Alys shook her head, took up the bulky hem of her navy gown and rubbed her eyes. Then she sat back on her heels and stared into the warm heart of the bakehouse fire for long minutes.

'Fire,' she said thoughtfully, looking to the hearth. She rose up and lifted down two small tins from the wall. One she scooped full of water from the barrel by the table. She placed it before the fire. 'Water,' she said softly.

She took a handful of cold ash, fallen soot and brick dust from the back of the chimney. 'Earth,' she said, putting it before her. Then she pulled the empty tin forwards to complete the square. 'Air,' she said.

She drew a triangle in the spilled flour and ash which covered the stone floor, binding the three points of fire, earth and air.

'Come,' she said in a whisper. 'Come, my Lord. I need your power.'

The bakehouse was silent. Across the courtyard in the castle kitchen a quarrel had broken out, there was the noise of a slamming door. Alys heard nothing.

She drew another triangle, inverted, binding the points for the earth, air and water.

'Come,' she said again. 'Come, my Lord, I need your powers.'

Delicately she stood, lifting her gown as carefully as a woman stepping on stones across a torrent. She stepped across the line, she broke the boundary, she stepped into the pentangle. She turned her head upwards, her head-dress slipped back and she closed her eyes. She smiled as if some power had flowed into her, from the fire, water, earth, air – from the flagstones beneath her feet, from the air which crackled and glowed around her head, from the radiating warmth of the bakehouse which was suddenly hot, exciting. 'Yes,' she said. There was nothing more.
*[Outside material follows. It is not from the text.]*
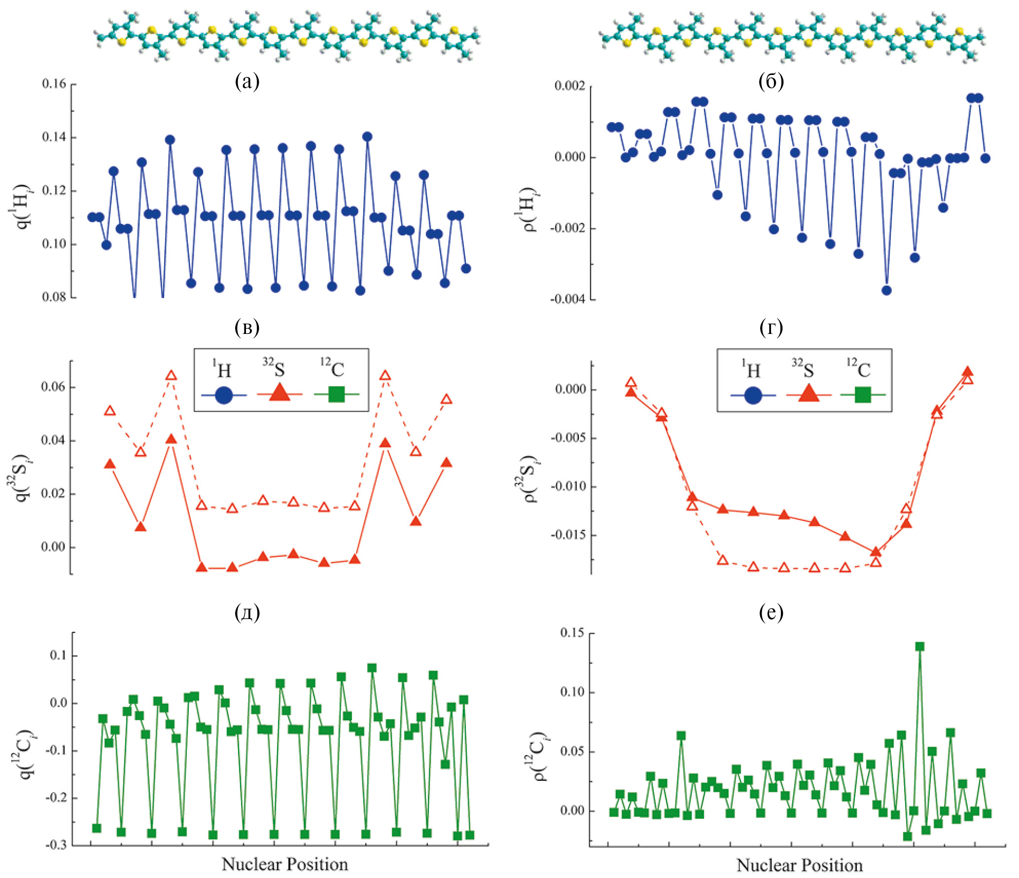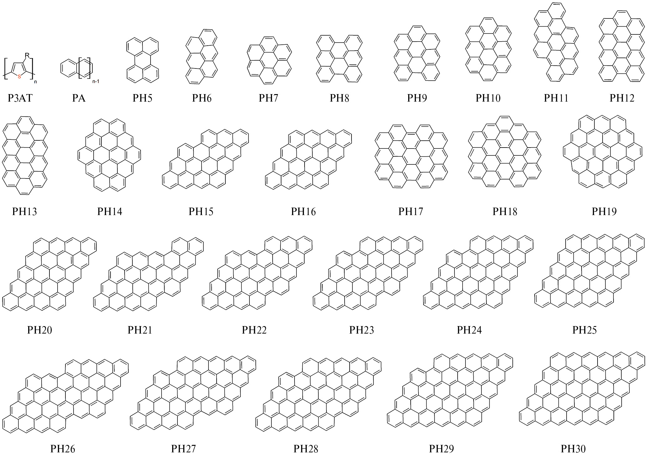 В работе исследовались олигомеры поли(3-алкилтиофенов) (P3AT, см. рис. 1) с различными алкильными заместителями A ≡ R = CmH2m+1, поли(3-гидротиофен) (P3HyT, m = 0), поли(3-метилтиофен) (P3MeT, m = 1), поли(3-этилтиофен) (P3EtT, m = 2), поли(3-бутилтиофен) (P3BuT, m = 4), поли(3-гексилтиофен) (P3HxT, m = 6), поли(3-октилтиофен) (P3OcT, m = 8), поли(3-децилтиофен) (P3DeT, m = 10) и поли(3-додецилтиофен) (P3DoT, m = 12), числом мономеров n, ароматической и хиноидной конформацией, в отсутствии и присутствии поляронов со спином S = 1/2 и положительным элементарным зарядом +e соответственно. С целью анализа влияния полициклических ароматических углеводородов (PAH) на электронные и спиновые свойства олигомеров P3HyT и P3MeT были использованы квази-одномерные (Q1D) полиацены (РА) бензол (n = 1), нафталин (n = 2), антрацен (n = 3) (РА), тетрацен (n = 4), пентацен (n = 5), гексацен (n = 6), гептацен (n = 7), октацен (n = 8), нонацен (n = 9) и декацен (n = 10), а также квази-двумерные (Q2D) полиароматические углеводороды (PH). Указанные соединения также приведены на рис. 1 без атомов водорода.

Alys stood for a long still moment, feeling the power rise through the soles of her feet, inhaling it with every breath, feeling it tingle in her fingertips. Then she straightened her head, pulled up her hood, smiled inwardly, secretly, and stepped out of the shape drawn on the floor.

She tipped the water back in the tub. She set the tins back on their hooks and swept, with one swift, careless movement, the shape of the pentangle from the dust of the floor. She untied the purse on her girdle. Morach's candlewax moppets were cool in her hand. Alys turned them over, smiling at the accurate detail of Hugo's face, her expression hardening when she saw the doll of Catherine with its obscene slit. She went to the pile of firewood stacked at the side of the oven and pulled out a log at the bottom of the pile. She pushed in the candlewax moppets as far as they would go, and then gently put the log back in place. She stepped back and looked critically at the pile. It looked undisturbed. She picked up a handful of dust from the floor and blew it over the log so that it was as pale and dusty as the others. 'Hide yourselves,' she said softly. 'Hide yourselves, my pretty little ones, until I come for you.' Then she sat before the fire and let it warm her. It was only then, as if she were only then ready to be found, that the servant came panting across the courtyard and glanced, without much hope, into the deserted bakehouse.